4/29/2020

Online Teaching


Online learning has been a way of life for me for quite sometime now. My library is the cyberspace. Much of the new things and information I know today came from the Net.

But online teaching?

This is something new that came with the Covid-19 pandemic. Classes cannot be stopped. But despite training from techie son #1 and IT in the university where I teach, I remain technologically challenged. For how long? Oh, maybe another 20 years. And that’s an educated guess.
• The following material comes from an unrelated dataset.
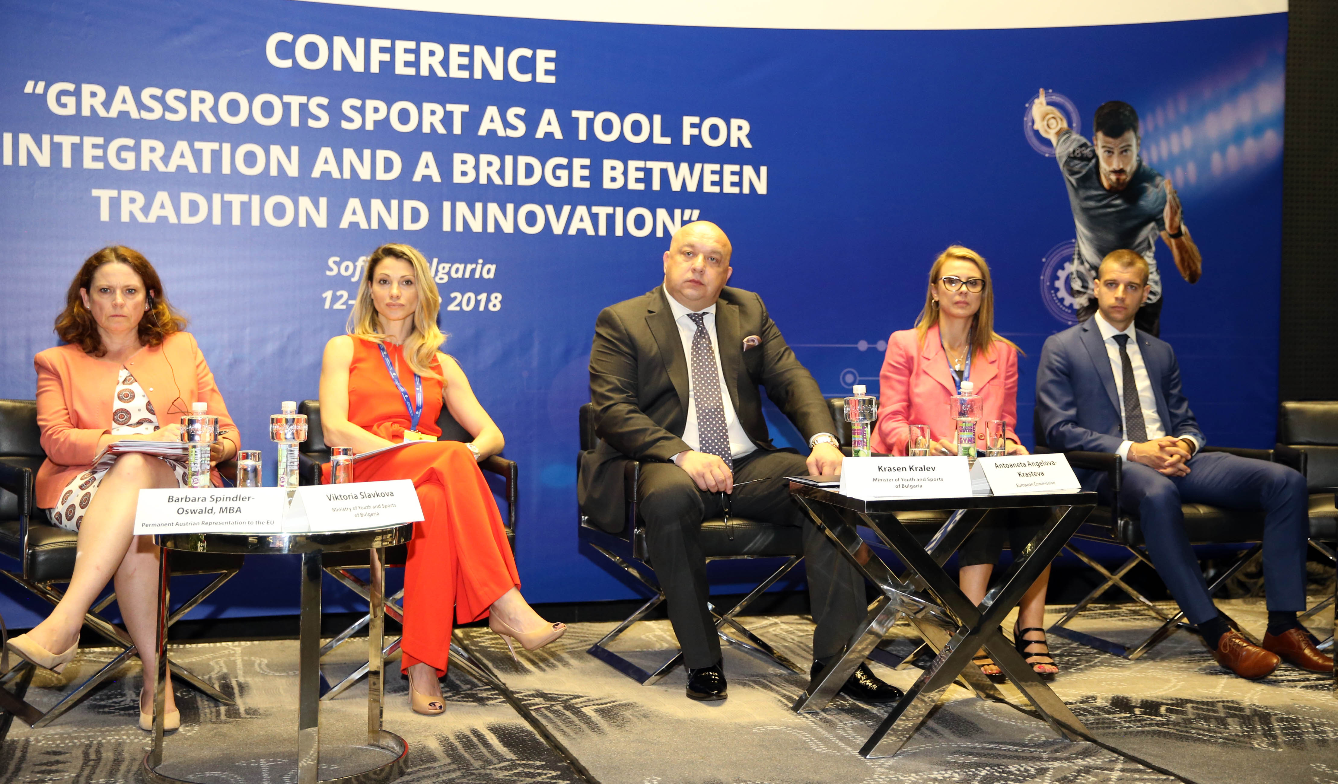 Министърът на младежта и спорта Красен Кралев откри конференцията „Спортът за всички като средство за интеграция и мост между традиции и иновации“. Това е последното събитие в сферата на спорта от Българското председателство на Съвета на ЕС, което се организира от Министерството на младежта и спорта и е съфинансирано по програма „Еразъм+“. Неговата основна цел е да се обменят мнения как иновациите и новите технологии могат да допринесат за това традиционните спортове и игри да бъдат използвани за по-добра физическа активност на населението.

There are just too many dizzying apps with too many varied icons to click—not necessarily in succession. You just need to continually risk making mistakes. And then there’s the intermittent power or Internet connection. Suddenly, your screen goes black. Suddenly, you don’t hear your audience’s voices anymore. Suddenly, your slides grow big and small like a yoyo. Suddenly, you need to go to another app. Suddenly, oh, gazillions of surprises! 

 Now, if this is where teaching is going, I think I need to consider a four-letter word—quit.

Yet, that’s a dilemma. I remember distinctly what Douglas MacArthur once wrote or said somewhere, “Age wrinkles the body. Quitting wrinkles the soul.

Body wrinkles I already have. But wrinkles of the soul?!

Please excuse me while I sing an old hymn:

Grace, grace, God’s grace,
Grace that will pardon and cleanse within;
Grace, grace, God’s grace,
Grace that is greater than all our sin!